I ask "Are you cheating on me?" A look of shock comes over her face. She denies. I tell her about the text messages. She starts telling me pieces about one night during the Hurricane work in September, this person came on to her and she denied his advances. She said that was all that happened. I asked why would she continue to talk to this person and she said that he told her she was pretty and did a good job. I go on about the texts implying there was sex. She says they were jokes. I of course mention that no one jokes like that. I tell her to get this person on the phone. I grill him about if he had sex with my wife or even tried. He of course denies. I ask him about the so called jokes and he replies that she jokes like that. In not so many words I threatened him and told him to lose my wife's number. My wife and I continue our argument where she denies there was sex, expressed her love for only me, and blocks this guys number from her phone. Well, once she blocked the number, his texts started to disappear from the app on my desktop unknowingly to me. I tell her to leave me alone and she proceeds to go back downstairs. The rest of the night is back and forths about how she loves me and would not do anything to hurt me. I counter that she has hurt me and we need a divorce.

I come back to the desk and notice that the texts from him are all disappearing except for pictures of his daughter and him with his daughter. I think that I lost my ability to save the texts but was still able to save her responses to his unseen questions. I still have them saved and they hurt as much 12 days later as the day I came upon them.

Our anniversary day comes and I leave the house early because I am not able to sleep at all. I head to a coffee shop and sit there for a couple hours reflecting on the previous day. I reread the text messages in my head and think to myself, maybe they were jokes. I head back home and she meets me at the door and continues to say how much she loves me and how she will do anything to fix the wrongs. I agree to review the text messages again with her so she can point out where my misunderstandings are. She has already deleted all of her texts by this point and we never really sit down to review the texts. We talk throughout the day and the back and forth involves me saying, "why didn't you tell me about his pass," while she comes at me with, "you shut down and you stopped communicating with me." This leads to an afternoon of more tears and me thinking about how terrible I must be that my own wife won't tell me anything, anymore. I agree to go to counseling to work on my communication issues and work on our marriage. The remainder of Sunday is great...I convince myself that she was joking in the texts and that I will be more vocal about how much I love her. I slept through the night.

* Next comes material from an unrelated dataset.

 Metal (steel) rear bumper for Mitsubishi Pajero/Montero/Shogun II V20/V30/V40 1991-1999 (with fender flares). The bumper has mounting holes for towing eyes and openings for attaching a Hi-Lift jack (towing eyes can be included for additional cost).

Monday comes and the wife is off, in between jobs, and I am off to work. My commute is a long 40 minutes so I have time to think and listen to some tunes on the country station. Wouldn't you know it, a song comes on and it reminds me our situation. We all know what country songs are about, right? This gets me thinking more. I'm still troubled by the texts. I get to work and I research this guy and find that he is a former college jock that plays a specific sport that I also played. He starts to fit the persona in my head of a jock and how he would take advantage of a woman. This is just my experience and my opinion and I know not all former jocks are like that. This guy is. I start thinking about it more at work and get more and more upset. I have to leave to prevent breaking down at the office. I start driving and call my wife to tell her we need to talk. I prepare myself during the drive.

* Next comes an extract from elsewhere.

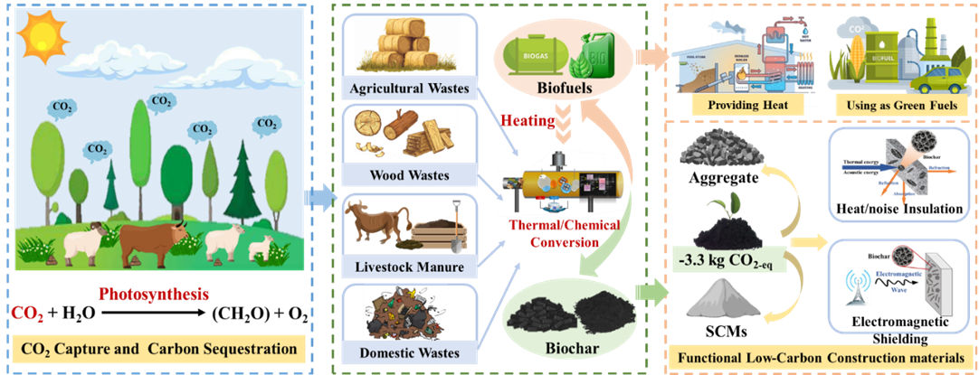 Construction sector is one of the largest contributors of global carbon emissions. To achieve carbon neutrality, it is urgent to promote the low-carbon transformation of the construction sector. Biochar is a typical carbon-negative material that can be used as a supplementary cementitious material or aggregate to reduce the carbon footprint of construction materials and promote cement hydration through the internal curing effect and filler effect. Biochar with a porous structure can promote the diffusion of carbon dioxide (CO2) in concrete and improve carbonation efficiency. Moreover, the porous structure and high conductivity of biochar can make construction materials have special functions including thermal insulation, noise reduction and electromagnetic shielding. Therefore, recycling biochar into concrete is a promising approach to reduce the carbon footprint and enhance the performance of construction materials.
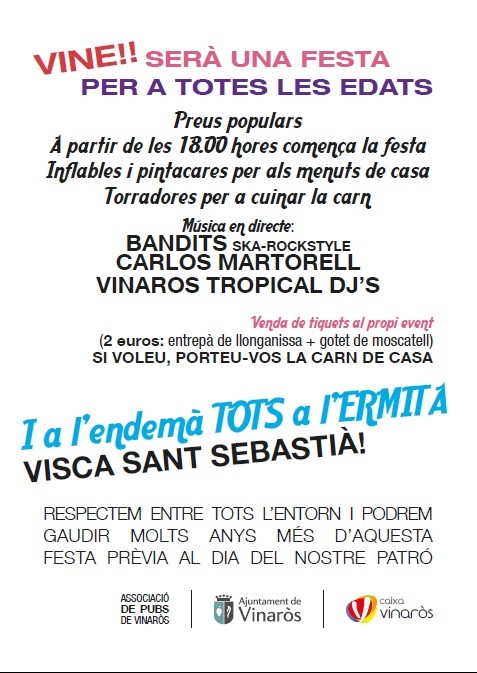 La fiesta, por tercer año consecutivo comenzará el día anterior, domingo 19 de enero, en la carpa del Atlántico a partir de las 18 horas donde se organizarán atracciones gratuitas para los más pequeños y música en directo con el grupo Bandits, Vinaròs Tropical y Dj’s Carlos Martorell en lo que será el III Llangonissa festival. Para el evento se habilitarán puntos de fuego para que la gente pueda torrar la carne que lleve de su casa o comprarla allí. El tíquet de 2 euros dará derecho a un bocadillo de “llangonissa” y un vaso de moscatell. El III Llangonissa festival cuenta con la colaboración de la Asociación de Pubs y de la Fundació Caixa Vinaròs.

I get home and as calmly and understandable as possible I lay out that the texts were not jokes. The pass he made was not the whole story. I push and push her until she breaks. She nods to my question, "did you have sex with him?" I collapse. I ask how long was this going on and how many times could they possibly have been together. She says it was just the hurricane and that he came into her office, undressed her, and proceeded to have sex. She said she does not remember much or how long it lasted. She stated that she did indeed push him off of her when he tried to kiss her and began to vomit. I was completely broken. Despite all of this, she continues to profess her love to me and that she will do anything to make things right. She heads off to pick up the kids from school. I take this time to phone a family member who I confide in. She hears the story and offers her suggestion to not make rash decisions about divorce and think about the kids. The wife and kids return and I decide to go for a drive where I can think and call my confidant again. My talk to my family member and she advises that it is up to me, of course, but to not make any rash decisions. I agree that she is right and return home.

My wife and I continue through the night talking and decide to go to counseling. In fact, we get an appointment the next day. We go counseling and and the therapist advises that she is 100% percent in the wrong and my communication skills are not the probably...her choice was the problem. That was on January 30th. We have not been to a session since but did pick up a book and workbook the therapist recommended for reading and homework. 

We had a family vacation planned for the approaching weekend and I decide to keep the trip and try to have fun for the sake of the kids. Well, my wife and I start to reconnect and we talk better and more constructively than ever. We return home on Super Bowl Sunday and decide to have a family party and watch the game.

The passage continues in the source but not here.